● Exercise aim:
Pictures are to be dropped. Everything else in the listing gets copied exactly.

● Stored data:
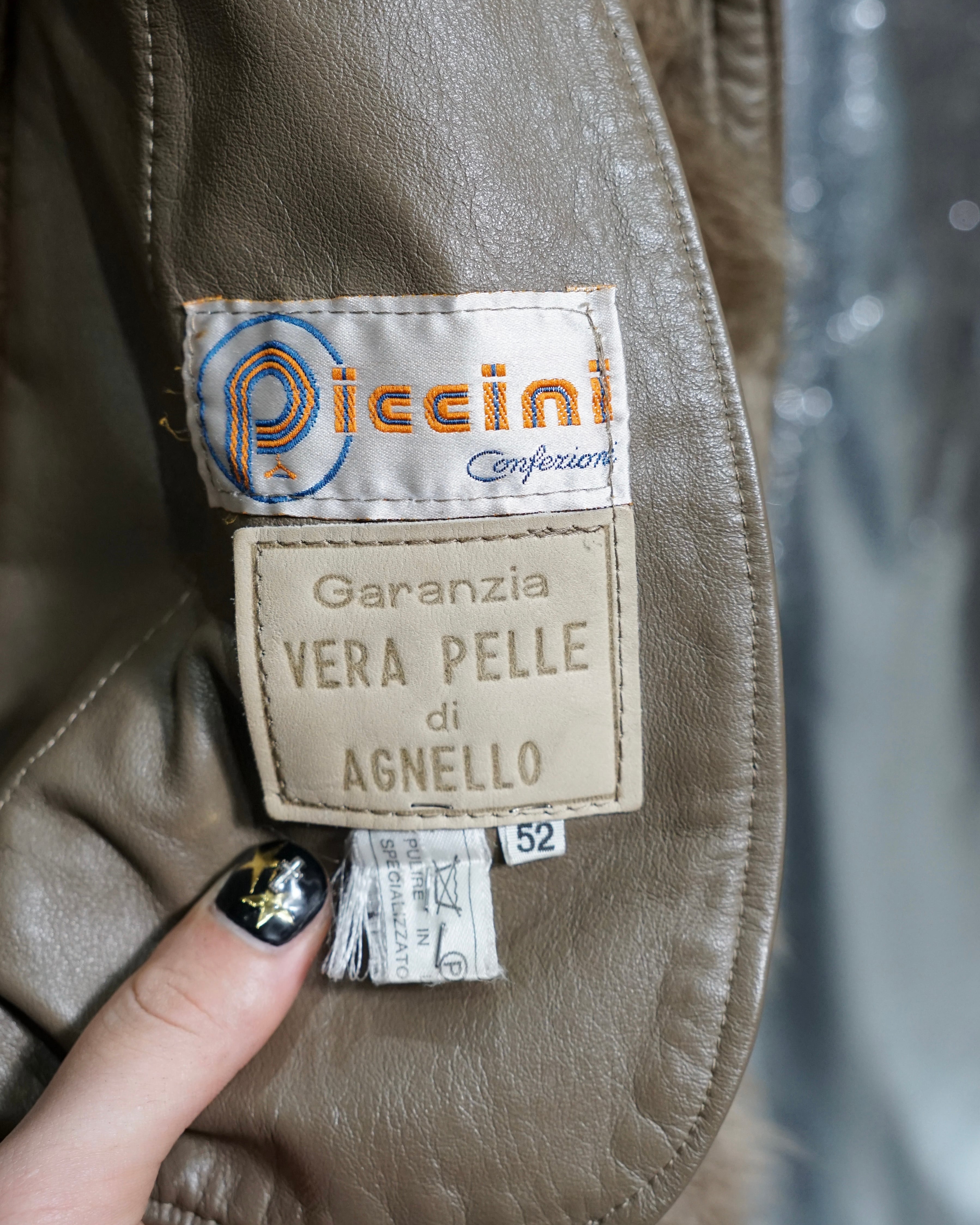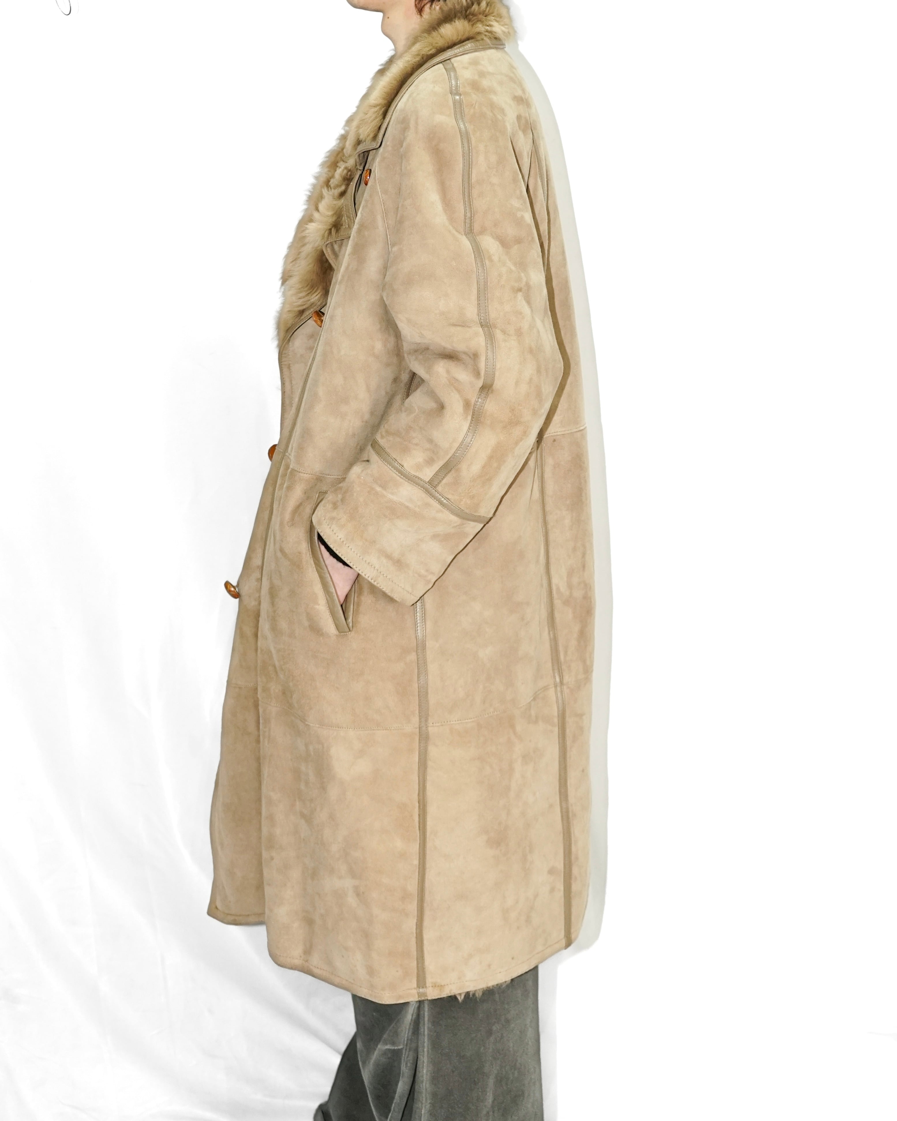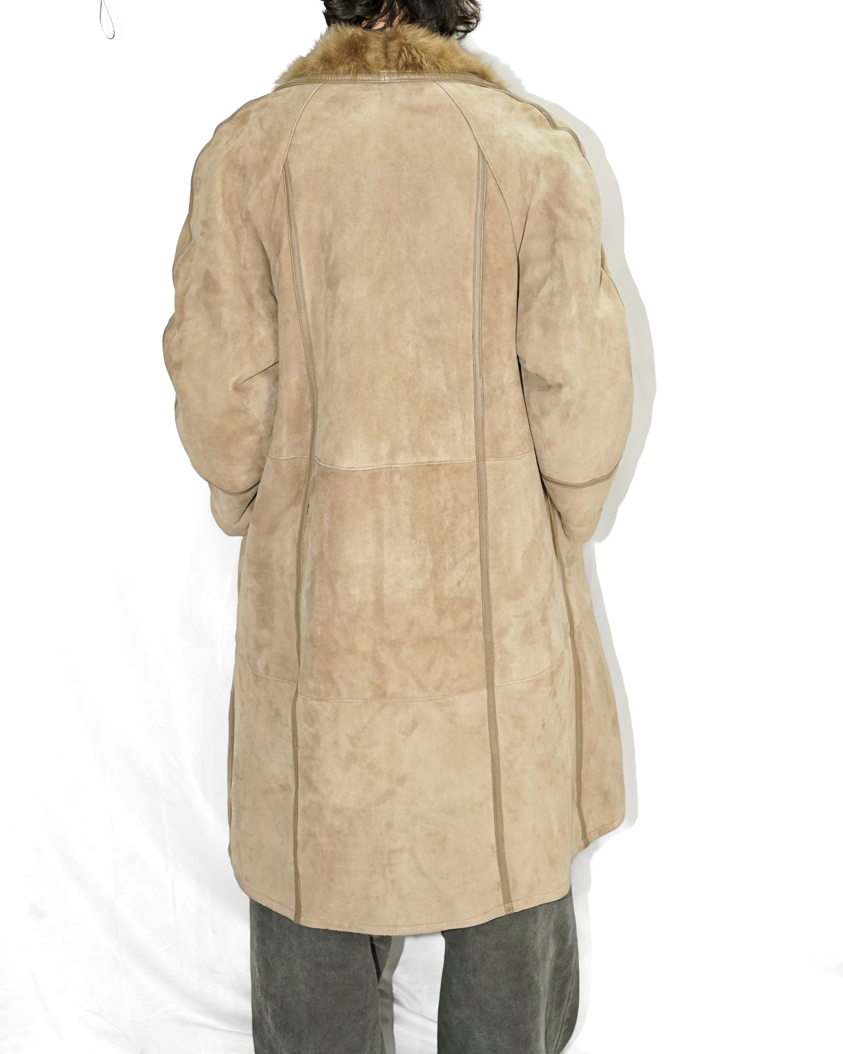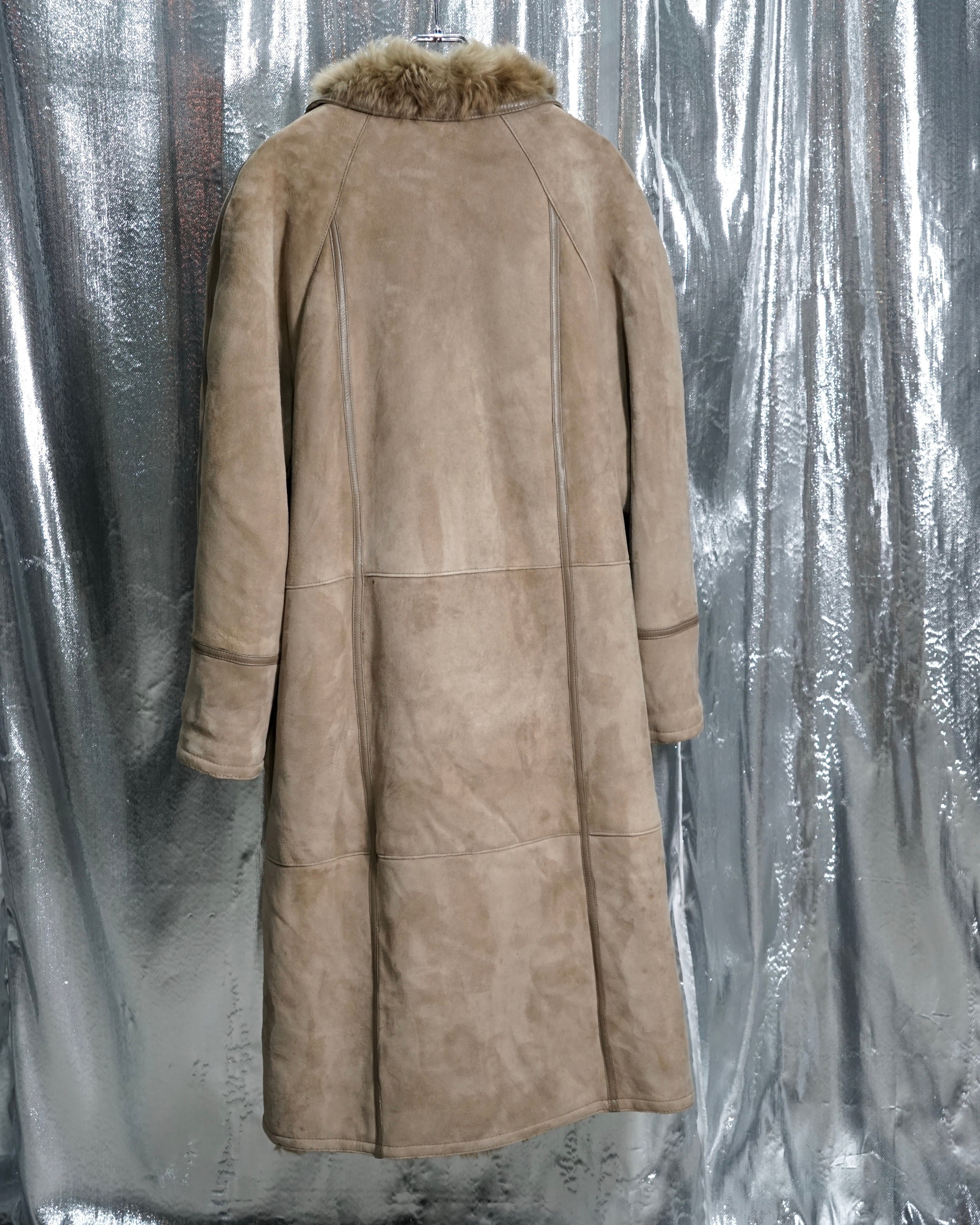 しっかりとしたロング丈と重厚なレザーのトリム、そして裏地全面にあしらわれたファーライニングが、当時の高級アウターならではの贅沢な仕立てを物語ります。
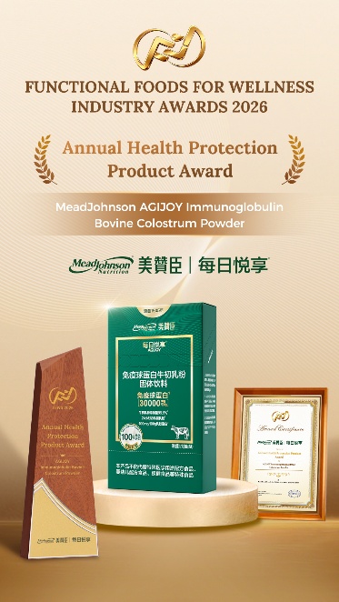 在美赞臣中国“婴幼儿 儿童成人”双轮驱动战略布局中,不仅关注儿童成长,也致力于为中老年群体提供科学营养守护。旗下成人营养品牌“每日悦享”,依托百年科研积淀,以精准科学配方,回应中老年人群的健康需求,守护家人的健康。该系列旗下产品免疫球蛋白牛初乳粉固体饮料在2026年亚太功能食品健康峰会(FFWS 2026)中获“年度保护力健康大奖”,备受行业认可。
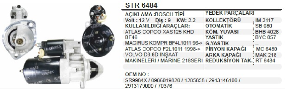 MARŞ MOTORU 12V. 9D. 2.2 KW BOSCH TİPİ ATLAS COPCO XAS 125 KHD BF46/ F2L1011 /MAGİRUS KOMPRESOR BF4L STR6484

● Result of the task:
 しっかりとしたロング丈と重厚なレザーのトリム、そして裏地全面にあしらわれたファーライニングが、当時の高級アウターならではの贅沢な仕立てを物語ります。
 在美赞臣中国“婴幼儿 儿童成人”双轮驱动战略布局中,不仅关注儿童成长,也致力于为中老年群体提供科学营养守护。旗下成人营养品牌“每日悦享”,依托百年科研积淀,以精准科学配方,回应中老年人群的健康需求,守护家人的健康。该系列旗下产品免疫球蛋白牛初乳粉固体饮料在2026年亚太功能食品健康峰会(FFWS 2026)中获“年度保护力健康大奖”,备受行业认可。
 MARŞ MOTORU 12V. 9D. 2.2 KW BOSCH TİPİ ATLAS COPCO XAS 125 KHD BF46/ F2L1011 /MAGİRUS KOMPRESOR BF4L STR6484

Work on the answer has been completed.